Mozart's Requiem K.626:

So, what are your favorite recordings?
Does this piece do much for you, or do you find it overly hyped because it was Wolfie's last?
What stories have you read or been told about the piece? (rumors and conjecture are welcome)
Should Constanze have left it alone as it was and we have an unfinished piece?
Are there recordings of just the parts actually done by Mozart?
Do you have a different recorded version than what we normally hear?

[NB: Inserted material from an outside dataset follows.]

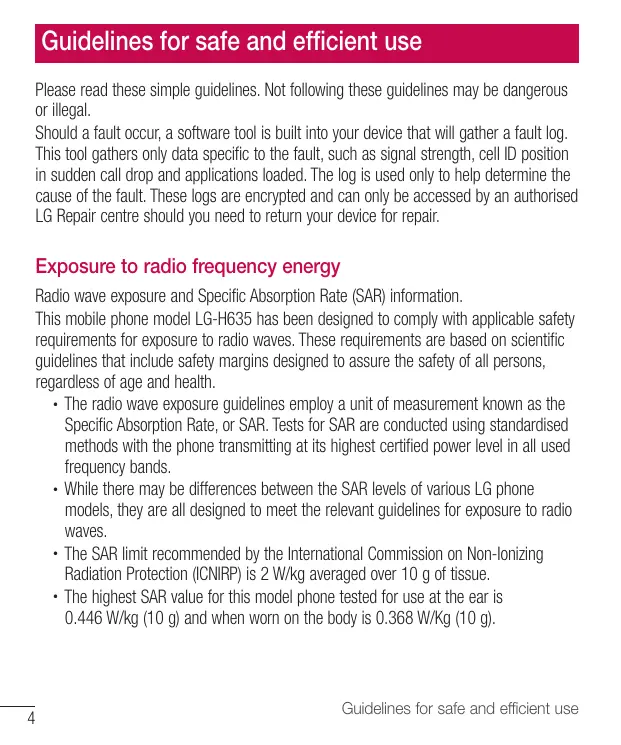 Guidelines for safe and efficient use Please read these simple guidelines. Not following these guidelines may be dangerous or illegal. Should a fault occur, a software tool is built into your device that will gather a fault log. This tool gathers only data specific to the fault, such as signal strength, cell ID position in sudden call drop and applications loaded. The log is used only to help determine the cause of the fault. These logs are encrypted and can only be accessed by an authorised LG Repair centre should you need to return your device for repair.

In short, anything about this piece is welcomed.  It is one of the few compositions where I will buy a used copy without even a test listen just to see what the conductor and crew can do with it.  I look forward to your posts.
There will never be another era like the Golden Age of Hollywood.  We didn't know how to blow up buildings then so we had no choice but to tell great stories with great characters.-Ben Mankiewicz

Gurn Blanston

Golly gosh, Bill, you're just full of questions tonight!  :D

OK, well yes, I do have a favorite version, which, at the same time, also answers your question about a recording of just the Mozart parts. Try the Amazon link here, to see what I was thinking.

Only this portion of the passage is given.